We continued to attend church week in and week out, but it had become a meaningless ritual to me. Though we never mentioned it, we endured for mother’s sake. I counted the minutes while we were there, antsy and irritated, as the services seemed to drag on for eternity. My mother was everywhere in that church. Wherever I looked, I sensed her presence, from the dusty choir loft to the fresh flower arrangements. Sometimes I thought I saw her coming out of the Sunday school classrooms or cooking in the small kitchen. She was inescapable. Her ghost haunted me. I wanted to run, but I was chained to that miserable pew listening to the reverend drone on and on about Jesus. If Jesus was so wonderful, my thirteen-year-old mind thought, why did he take my mother from me? He was not my God. He was not my savior. He was not my king. I took all the flowery church language that I knew and spat upon it. I wanted nothing to do with this weak God who could not heal my mother. I was done with religion.

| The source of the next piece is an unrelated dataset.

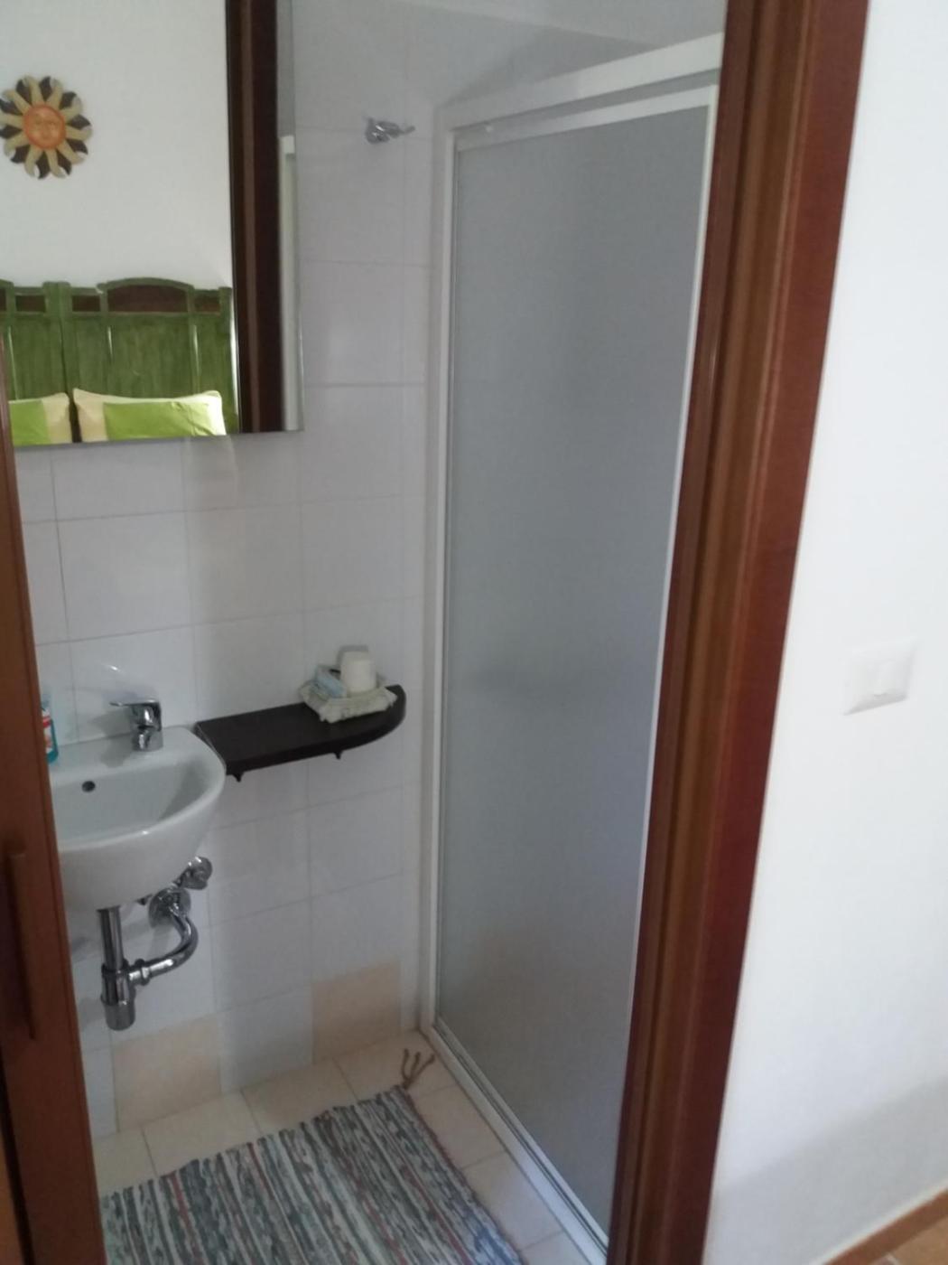In ogni alloggio troverete un bagno privato con doccia,di cortesia e asciugacapelli.

My peers were wise enough to leave me to myself. I wanted nothing to do with their silly games and chatter. While the boys flirted with the girls and played catch and kickball, I disappeared behind the school building and sat silently staring into nowhere. Most teachers tried to coddle me, but I did not want their pity. I did not want their sympathy. I just wanted to be left alone to grieve in my own way. I think it is because I was born with an acute sense of delight and appreciation for beauty that my mother’s death struck me so strongly, and I was sent reeling in a worse way than most children who lose a parent. This gift of delight that had once brought me so much happiness as I explored the natural world around me became my solemn curse. It opened the door for depression long before people talked about such things. I was merely a melancholy child. My natural tendency was to draw within myself, and that is what I did.
CHAPTER 3
Moving On
ONE TEACHER AT SCHOOL CHOSE
not to treat me differently. Mr. Livingston was a thick fellow who taught English literature. Barrel-chested with stocky legs, he looked more the part of a farmer or day laborer than a professor of literature. In spite of his size, he moved with the grace of a dancer under his white button-down shirt and striped ties. He always kept a handkerchief in his back pocket to dab at his forehead, and somehow his bright red suspenders managed to keep up his oversized khaki pants. Mr. Livingston had a real wittiness about him, often drawing out the most interesting and peculiar observations from our readings. His class provided the only source of comfort for me because his reading assignments gave me opportunities to shed my own skin and just for a while lose myself in the world of others. The characters of those countless books became my steadfast friends. I realize this was very unusual behavior for a boy of thirteen, and it was not long before Mr. Livingston noticed me devouring the reading materials. In spite of my ravenous hunger for new stories, I never spoke in class. Though he would call on me, I would sit in silence. My thoughts were private. I had no interest in sharing them with my shallow classmates who still lived in blissful ignorance, thinking that the world was good and beautiful. I had lost all such notions. Mr. Livingston never pushed me to speak. I could sense that he wanted me to know I was an important member of the community, and if the day ever came when I was ready to share, my words would be welcome.